In the startlingly bold Granada tv film "City" from 1980, which happened across a story whilst innocently documenting the backroom shuffling of a big time football club, we saw the machinations of Swales and his bald-headed tea drinking cavaliers as Big Mal was ushered out of office and replaced by John Bond. Bond's job interview, filmed in full, is a gem of televisual romance from that bygone era. Watching it now is like seeing a black and white episode of What Happened to the Likely Lads: you watch it and feel your jaw dropping open as you realise the 70s was as close to today's society as living on Mars. Bond, all stacked hair (much to Swales' evident jealousy) and Norfolk burr, runs through a short catalogue of comically inept phrases to describe how he motivates, propels and dresses up a team, a club, a whole population. Swales and his grey-suited sexagenarians nod and smoke, tut and hiccup. In closed quorum, they begin another round of tea drinking, tutting and nodding. Ian Niven, a small man with a lively hairpiece, refuses to budge from his Pro-Mal stance. "I'm not saying (whether I like him or not) but I'll back anything you say or do, Mr Chairman" he fizzles. "Right that's settled then," says Swales, "Get him back in". Bond enters and sits. Swales: "Very good, that, John. We've listened to what you said and we've been very impressed and we'd like to offer you the job on the proviso that we, er, (starts to look sheepish for the first time in 25 years) can sort out the er compensation side of things with Norwich". And so, on the basis of ten minutes of trite one-liners and the hollow 70s version of Gary Cook's clipped management-speak, Bond is in and, naturally enough, two years later, out again. This was very much how Peter Swales, Altrincham's most successful and most high-profile television set salesman, operated. Speak, sack, think, in that order. Rest. Breathe. Call press conference. Speak, sack, think. Repeat to fade.

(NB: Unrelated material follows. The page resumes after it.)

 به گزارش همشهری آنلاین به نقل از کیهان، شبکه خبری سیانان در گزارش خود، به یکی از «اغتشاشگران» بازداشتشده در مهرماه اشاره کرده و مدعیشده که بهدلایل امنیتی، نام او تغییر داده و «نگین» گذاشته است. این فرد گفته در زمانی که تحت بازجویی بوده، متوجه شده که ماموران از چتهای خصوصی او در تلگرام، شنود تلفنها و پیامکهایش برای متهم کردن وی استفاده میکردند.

Swales may not have had many attributes, but he was a survivor and, for all the out-takes and slip-ups, he was still hanging on grimly to office in 1993, when - true to form - he sacked Peter Reid after three games of the new season. It is not recorded exactly what his problem was, but Reid almost certainly lacked "repartee" with the board, which by now included the cake-faced journalist John Maddock, hired as a buffer between the by-now bedraggled looking Swales (the raccoon combover supplanted by a set of thin, wet eels lined up in asymmetric novelty across the famous bald expanse) and manager Reid. "I am not the mouthpiece for Peter Swales," Maddock blustered to nobody's belief, "Make no mistake about this I am the new supremo at Maine Road with a specific mandate from the board". Reid was gone the next day, replaced by the invisible Brian Horton. Maddock himself lasted a gaff-strewn couple of months before falling on his own quill pen. Swales too was soon gone, a giant career of verbal tomfoolery and savage firings behind him for good.

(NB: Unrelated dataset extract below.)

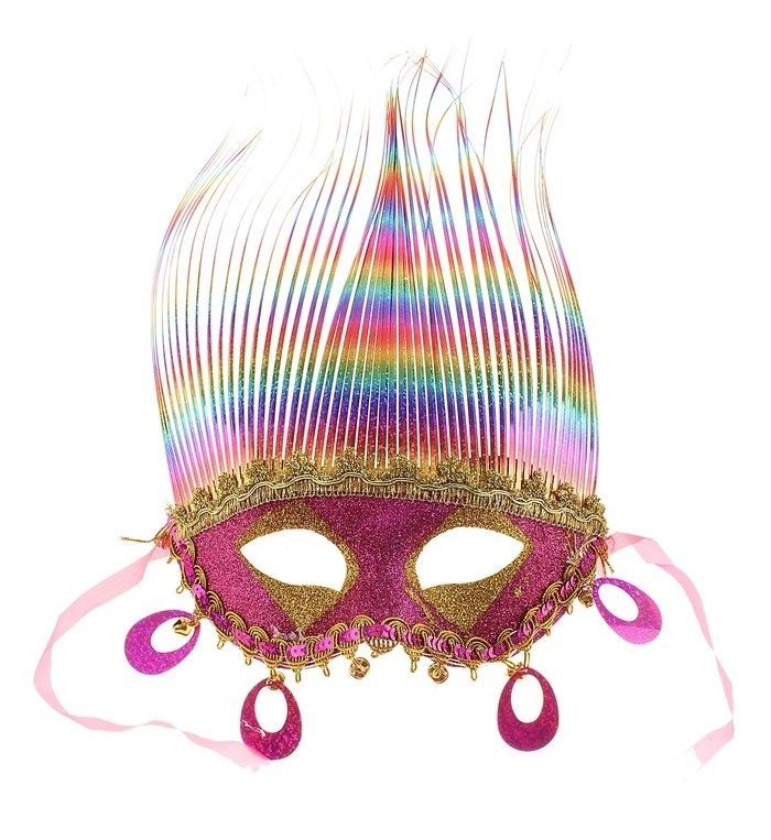 Карнавальная маска фиолетового цвета с разноцветными волосами, торчащими вверх, придаст вашему костюму оригинальность. Размер маски 20х36 см. Также на нашем сайте вы можете приобрести различные аксессуары к маскарадной вечеринке.

Which, by a rather circuitous route, brings us back to square one. Cook, the super-garrulous chief exec who thinks a Thai dictator who has "disappeared" thousands of the country's criminals and likes the idea of adorning the match programme with his nicely oval face, is a "good golf partner". Would he have swung a haphazard four iron wit Pol Pot, one wonders, or indulged in a quiet game of Pictionary with Richard Nixon. We will perhaps never know. What is certain, is that, once again, the good and sometimes comical reputation of Manchester City is once again in the spotlight.

"Charismatic" leader
Cook is no more evil than, say, Ken Bates, no more plotting than Peter Kenyon, no more lame than Bill Kenwright. Indeed he has brought about change on a scale that most supporters could not have dreamed about three short years ago. Yes, the funds available have made him look good and generous, but as a man charged with driving the club's off the field activities forward, most would say he has been a big success. As a human being entrusted with not making the club a laughing stock with his quips, quotes and grimaces, he has been significantly less successful. It is with a grandiloquence that marries pomposity with ridicule that such figures come unstuck. This latest episode now paints the picture not only of a man with decidedly poor taste in jokes, but also one with an ill-considered plan for what to some might appear to be an attempt at cover-up. That will no doubt come out with the wash when lawyers and I.T.experts get their call. In the meantime, the irascible PJ Swales would no doubt have considered it the opportune moment to stand slowly from his swivel chair and say "Well, Gary, lad, you've done great, we appreciate that, really do, but I'm going to have to ask you to get your stuff.. No hard feelings is there". Mr Cook will be pleased that the trigger finger of Chairman Khaldoon Al Mubarak is decidedly less fidgety.

Friday, September 2, 2011

SHAUN WRIGHT-PHILLIPS: LAST OF A KIND


   "He is about as far from the stereotypical young footballer as it is possible to get. There are no flash cars, no designer clothes and definitely no visits to night clubs..." Chris Bailey, MEN, after Shaun Wright-Phillips' derby debut at Maine Road, November 18th 2000
  
There's an unusual and slightly haunting image of Shaun Wright- Phillips that I have in the back of my mind and it will not go away. It is not of the little man climbing off the bench, raw and enthusiastic, for his debut in 1999. Not the vaguely ridiculous robot moves he threw after scorching the top of the net in the last minute of an epic 4-1 inaugural Eastlands derby win. Not the scintillating pace and drive of his goals coming in from the right wing against Bolton, Fulham, Bradford. Nor is it the delightful cameo he produced at the Stadium of Light on his second debut in August 2008. The picture in my mind is of a diminutive figure in jeans and obligatory gangsta tee-shirt, somewhere in London in the early hours of yet another Premier League Night Out. Shaun's eyes are blurred and he looks like he is about to stumble off the curb. Stuffed into the waistband of his bedraggled jeans is a half-full bottle of Jack Daniels.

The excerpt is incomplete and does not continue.